Com o fim da ditadura de Vargas, o Brasil viveu nova onda de euforia protagonizada pela sensação de democracia, que caiu por terra em 1° de abril de 1964, quando outro golpe derrubou o presidente eleito João Goulart, estabelecendo os militares no poder até 1985.
Marcado pela repressão aos que contestavam o regime, a ditadura militar atingiu o ápice em dezembro de 1968, durante o governo do general Costa e Silva, fechando o Congresso Nacional e pondo fim à pouca liberdade de imprensa que havia.

Em 1989, o Brasil voltou a eleger um presidente da República através do voto direto. Fernando Collor (PRN) foi eleito derrotando Luiz Inácio Lula da Silva (PT), oriundo do movimento sindical do Grande ABC.

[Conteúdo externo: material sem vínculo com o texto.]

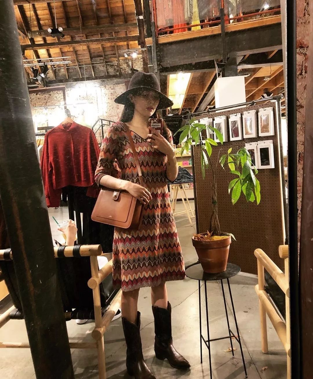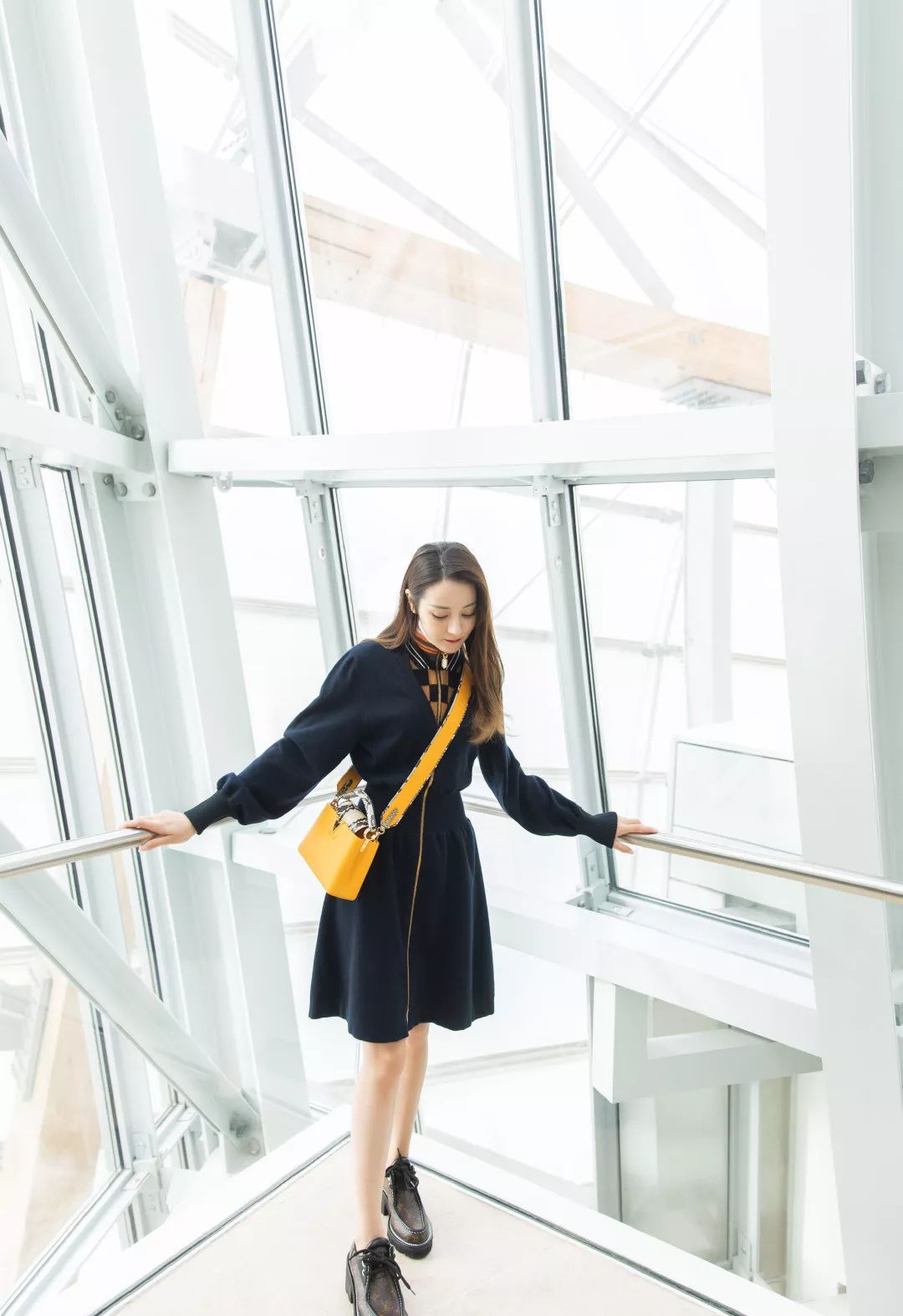 热巴的看展穿搭值得我们参考借鉴,针织连衣裙下摆宽松,搭配黄色斜挎包和棕色系带鞋,文艺又知性。

“Esse período foi significativo, sobretudo pela força da organização dos trabalhadores, que vislumbravam a possibilidade de conquistas maiores com atuação política”, considera o historiador Paulo Rezzutti.

O especialista recorda que em 1993 ocorreu consulta popular, prevista na primeira constituição brasileira, de 1891, para que fosse realizada futuramente consulta popular sobre o sistema de governo adotado no Brasil. Ou seja, a República ficou clandestina por 102 anos.

O sistema presidencialista foi mantido, prevalecendo sobre parlamentarismo e a monarquia. “A ratificação da República ocorreu mais de 100 anos depois do golpe militar arquitetado pelos republicanos”, disse Rezzutti.